5. Cincinnati 7, Milwaukee 6 (2011)
We can laugh about it now because the Brewers won the division that year and made the NLCS, but the opener was a crushing disaster to kick off 2011. Milwaukee opened the season with back-to-back home runs by leadoff man Carlos Gómez and second baseman Rickie Weeks, then took a 3-0 lead after another run in the first. The lead was 6-3 going to the ninth when John Axford entered and allowed the first two men to reach, but there were two outs and a run in when Ramón Hernández stepped to the plate and hit a three-run blast that sent the Brewers to a jaw-dropping defeat. Milwaukee lost the first four games of the season that year. The Brewers still finished 96-66.
4. Milwaukee 6, Minnesota 5 (2021)
With fans back in the stands for the first time in over a year as the world continued to combat the COVID-19 pandemic — albeit in a limited capacity — Milwaukee staged a thrilling comeback, capped by Travis Shaw’s two-run double with two outs in the ninth and Orlando Arcia’s fielder’s-choice winner in the 10th. Lorenzo Cain’s head-first slide evaded the tag from catcher Mitch Garver and accounted for the winning run. Shaw, who’d played the 2020 season in Toronto, returned to the Brewers at the start of 2021 and plated the tying two runs against Alex Colomé.

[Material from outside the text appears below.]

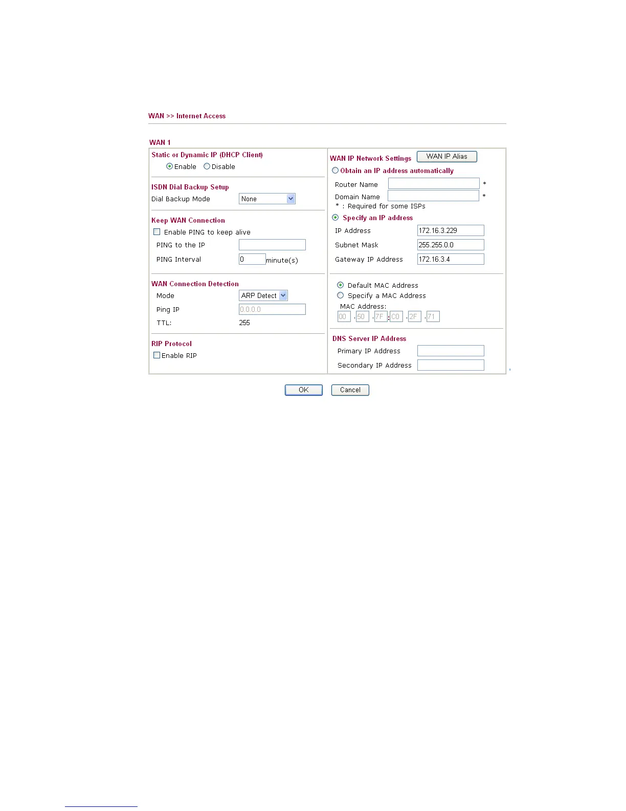 Internet Access from WAN menu. Then, select Static or Dynamic IP mode for WAN2.
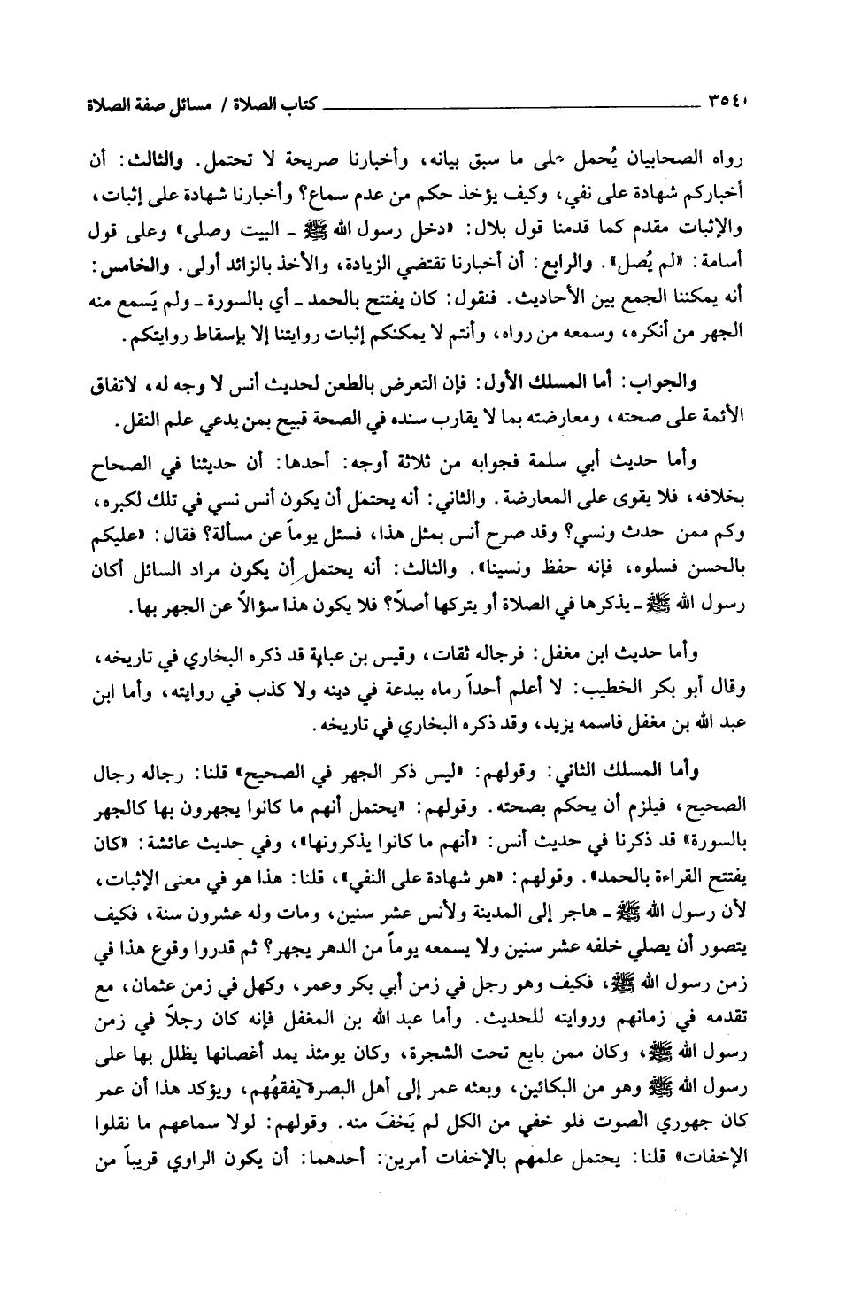 رَوَاهُ الصَّحَابِيَّانِ يُحْمَلُ عَلَى مَا سبق بَيَانه وأخبارنا صَرِيحَةٌ لَا تَحْتَمِلُ وَالثَّالِثُ أَنَّ أَخْبَارَكُمْ شَهَادَةٌ عَلَى نَفْيٍ وَكَيْفَ يُؤْخَذُ حُكْمٌ مِنْ عَدَمِ سَمَاعٍ وأخبارنا شَهَادَة على إِثْبَات والْإِثْبَات مُقَدَّمٌ كَمَا قَدَّمْنَا قَوْلَ بِلَالٍ دَخَلَ رَسُولُ اللَّهِ صَلَّى اللَّهُ عَلَيْهِ وَسلم الْبَيْت وَصلى وعَلى قَول أُسَامَة لم يصل و4 الرَّابِع أَن أخبارنا تَقْتَضِي الزِّيَادَة والْأَخْذ بِالزَّائِدِ أَوْلَى وَالْخَامِسُ أَنَّهُ يُمْكِنُنَا الْجَمْعُ بَيْنَ الْأَحَادِيثِ فَنَقُولُ كَانَ يَفْتَتِحُ بِالْحَمْدِ أَيْ بِالسُّورَةِ وَلَمْ يَسْمَعْ مِنْهُ الْجَهْرَ مَنْ أَنْكَرَهُ وسَمعه من رَوَاهُ وأَنْتُم لَا يُمْكِنُكُمْ إِثْبَاتُ رِوَايَتِنَا إِلَّا بِإِسْقَاطِ رِوَايَتِكُمْ

3. Milwaukee 5, St. Louis 4 (2019)
The game had a little of everything that represented what made the Brewers great the preceding year, when they reached the seventh game of the NLCS. Reigning NL MVP Christian Yelich hit a big homer, a pitcher (Jhoulys Chacín) homered and center fielder Lorenzo Cain made two great catches, including a game-saving snare that took away a tying home run and ended the game in the ninth. Josh Hader got the save after striking out the side on 11 pitches in the eighth and working through the ninth. Milwaukee wound up winning one of the two National League wild-card spots that season.

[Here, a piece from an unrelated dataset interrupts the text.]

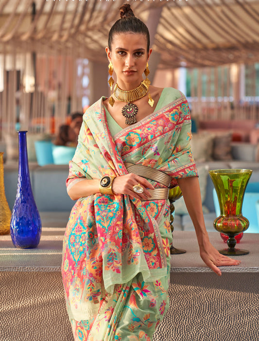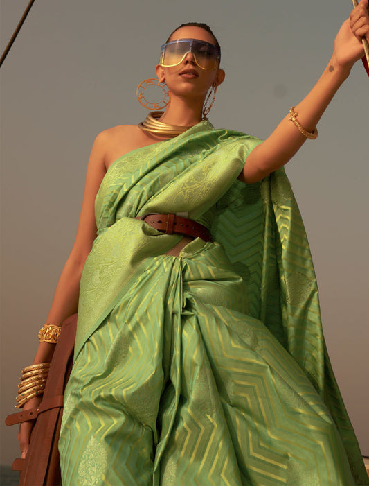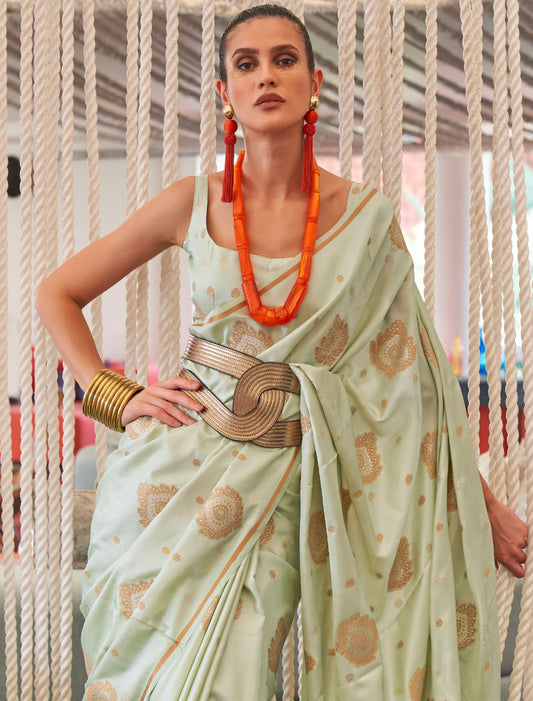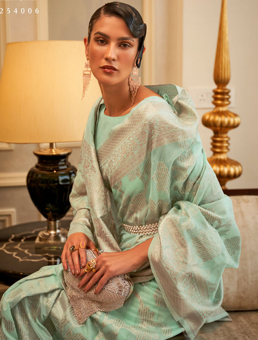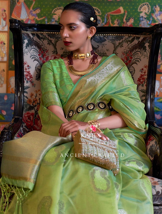 Pista Green Handloom Weaving Party Wear Silk Saree
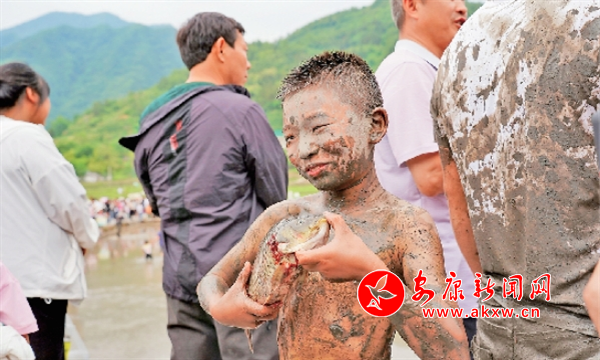 圖五: 孩子向游客展示抓魚體驗成果。王韜 攝RSx安康新聞網(wǎng)

2. Milwaukee 4, Chicago Cubs 3 (2008)
An unforgettable opener to a season that finished in the playoffs for the first time in 26 years, although it was an arduous experience for Brewers fans. Milwaukee broke through in a scoreless game with three runs in the ninth, picking up a Ryan Braun RBI single and a two-run double from Corey Hart, but Eric Gagné allowed each of the first three batters he saw in the ninth to reach — with Kosuke Fukudome homering to tie the game. Gagné rebounded to get the three outs he needed, Tony Gwynn Jr. delivered a go-ahead sacrifice fly in the 10th, and David Riske worked a 1-2-3 bottom half at Wrigley Field to save the Brewers from a disastrous loss. Milwaukee, of course, needed all 90 of its wins to claim the wild card that year on a dramatic final day of baseball.
1. Milwaukee 9, Boston 5 (1980)
Sixto Lezcano! Boston scored twice in the top of the ninth on home runs by Carl Yastrzemski and Butch Hobson to tie the game against Jim Slaton, but the Brewers went to work with two outs in the bottom half. With two outs, Ben Ogilvie was intentionally walked, and Gorman Thomas drew an old-fashioned walk to load the bases for Sixto, whose grand slam into the right-field bullpen sent the Milwaukee fans home with a thrill.
A first version of this story appeared in 2019.